Sharpeville Massacre 1960: Unravelling

Soweto Uprising 1976: begining of the Crisis

First Non-racial Election: 1995, ie a new High
The Truth and Reconciliation Committees were incredibly wrenching processes that accompanied an overall sense of Recovery and Austerity.
Large numbers were not killed in this Crisis, but it was a profoundly soul-reshaping experience for all. A real Gateway through which none can ever go back to a world which no longer exists.
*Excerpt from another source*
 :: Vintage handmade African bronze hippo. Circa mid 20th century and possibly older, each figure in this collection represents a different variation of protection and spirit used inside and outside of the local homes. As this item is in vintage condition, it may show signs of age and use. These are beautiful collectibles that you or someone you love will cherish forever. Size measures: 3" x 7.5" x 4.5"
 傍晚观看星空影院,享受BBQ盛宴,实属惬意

Somalia: my reasoning is that the period that folks are calling a Crisis were actually an Unravelling.
The Crisis begins with the collapse of all central government in the early 90's, as chunk by chunk of Somalia seceded (somaliland 1991, Puntland 1998, Jubaland 1998, SW Somalia 2002), and we're now approaching the end of the Crisis with the Islamic Courts Union and the Transitional National Government vying for creation and control over a newly centralized state.

Kenya:
I originally meant to write at least 10 years ahead. I could go along with a 20 year offset. With Uganda's crisis starting NOT with Amin, but with Obote attacking the Bagandan Kingdom, and similarly not ending with the removal of Amin, but with the taking of power by Musaveni's folks with the backing of Tanzania and the Rwandan Tutsi.
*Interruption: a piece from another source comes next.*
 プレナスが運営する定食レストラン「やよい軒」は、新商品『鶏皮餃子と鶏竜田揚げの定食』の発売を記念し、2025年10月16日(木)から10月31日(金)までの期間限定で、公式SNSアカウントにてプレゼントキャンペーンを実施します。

Incidentally, the Tutsi/Tanzania connection and the Ugandans (and the Americans behind all of them) are the main force behind the new government of the Democratic Republic of Congo, which is mainly representative of peoples in the East and not the West (the election results were highly regionally skewed) and the new government is taking a hard line on Western DRC opposition.
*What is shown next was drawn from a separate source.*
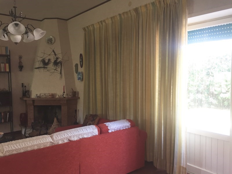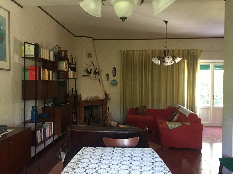 Piano terra: salone triplo, cucina e bagno. Primo piano: 2 camere matrimoniali, 1 camera doppia, 1 cameretta singola, 2 bagni.

The East African Community today just announced that Rwanda and Burundi will be joining Kenya, Uganda and Tanzania. Will be electing a president by 2013. Also there has been talk of DRC joining the EAC, and i would not be surprised to see South Sudan having some sort of affiliate status. The South Sudanese rebels were sheltered in Uganda during the war, and there are warm ties (and mutually beneficial trade possibilities of oil for water).

A subject that interests me alot regarding Africa is the globally unprecedented pace of urbanization.
Mike Davis in Planet of Slums points out that Africa's pace outstrips that of 19th Century Europe by 50-fold. In other words, Lagos growth since WW2 has been 10'sX more rapid than London from 1800-1900.

The Reset Cringe:
Since generational resets to 1T's can occur through invasions and large-scale population transfers, I think it is appropriate to examine the role of urbanization (depeasantization/detribalization) and corresponding social, economic and miscegenation of peoples in generating a consolidated timeline.
http://newleftreview.org/A2496

The immigrations/emigrations and virtual annihilations of mode-of-production-defined peoples within Africa are significant. To fully appreciate this, one should note that many peoples were defined solely by the products that they traded. Eg. A group might be referred to as the 'coffee-bean husk' people.
Changes in ecology, trade flows, new crops and technologies radically restructure relationships between peoples.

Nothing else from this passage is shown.